In the mining industry, in mines, a method of protecting injection pipelines is successfully applied by installing check valves at intermediate horizons or in the middle of a pipeline, which is then partitioned into two shorter pipelines. As a result, the static head is reduced and the duration of the water hammer phase is shortened. Experimental studies have made it possible to establish the selectivity of the operation of check valves during the operation of drainage plants, while in shorter pipelines there is a more rapid attenuation of wave processes and pressure in the pipelines decreases. However, in the conditions of the mine sectionalization of the pipeline is not applied, because significantly complicates the drainage system. (V.M.Popov. Mine drainage plants. - M .: Nedra, 1983, S.271-280). Oscillography of the operating modes of the sump plants has shown that water hammer is the most dangerous in large-diameter injection pipelines and with a large geodetic depth of the mines. The use of only non-return valves for damping water hammer under these conditions is inefficient due to the low reliability of the pipeline and the need to completely eliminate the occurrence of a shock wave. Evaluation of known methods of protection against water hammer shows that the use of automatic shock absorbers working on the principle of dumping part of the transported water is promising.

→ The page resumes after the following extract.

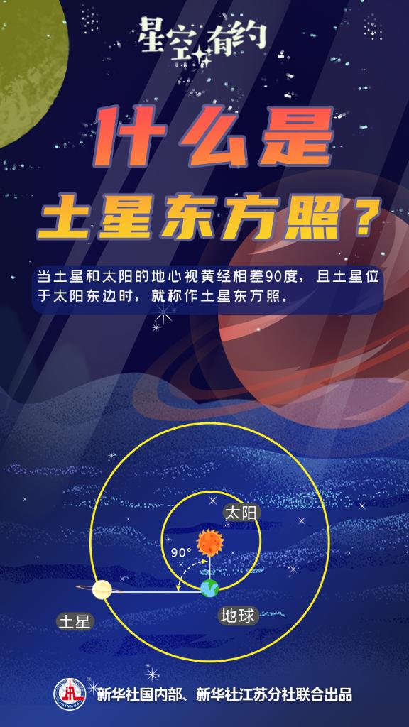 當土星和太陽(yáng)的地心視黃經(jīng)相差90度,且土星位于太陽(yáng)東邊時(shí),就稱(chēng)作土星東方照。如果可以俯視太陽(yáng)系的平面,此時(shí)你會(huì )看到太陽(yáng)、地球、土星形成了一個(gè)直角,地球處于直角的頂點(diǎn)。

Known shock absorbers direct and indirect hydraulic shock. In the first type dampers, the movement of the actuating element (safety valve or regulator valve) is carried out by the energy of the working medium under the control of the differential pressure measuring device that occurs in the initial stage of the hydraulic shock, and in indirect dampers this operation is carried out by an auxiliary drive using the energy of a special amplifier. For a number of years, modifications of the hydraulic shock absorber of the indirect action of the design of the Donetsk Polytechnic Institute (DPI), protected by copyright certificates of the USSR, were developed: USSR No. 764751, F16K 47/00, bull. No. 11, 1975, a.s. USSR No. 773367, F16K 47/10, bull. No. 39, 1980; A.S. USSR No. 992883, F16K 47/10, bull. No. 4, 1983; A.S. USSR No. 1681107, F16K 47/10, F16L 55/02, bull. Inventions No. 36, 1991.

The known disadvantages of the above designs of shock absorbers should include, firstly, the need to use auxiliary fluid, as, for example, in AS USSR No. 464751 and A.S. USSR No. 773367, moreover, in the last decision, the sealed elastic chamber must be filled with anti-corrosive liquid and compressed gas; secondly, the difficulty of setting up and blocking holes with mechanical impurities, abundant in mine waters. To protect the throttles, special filters must be introduced into the damper design.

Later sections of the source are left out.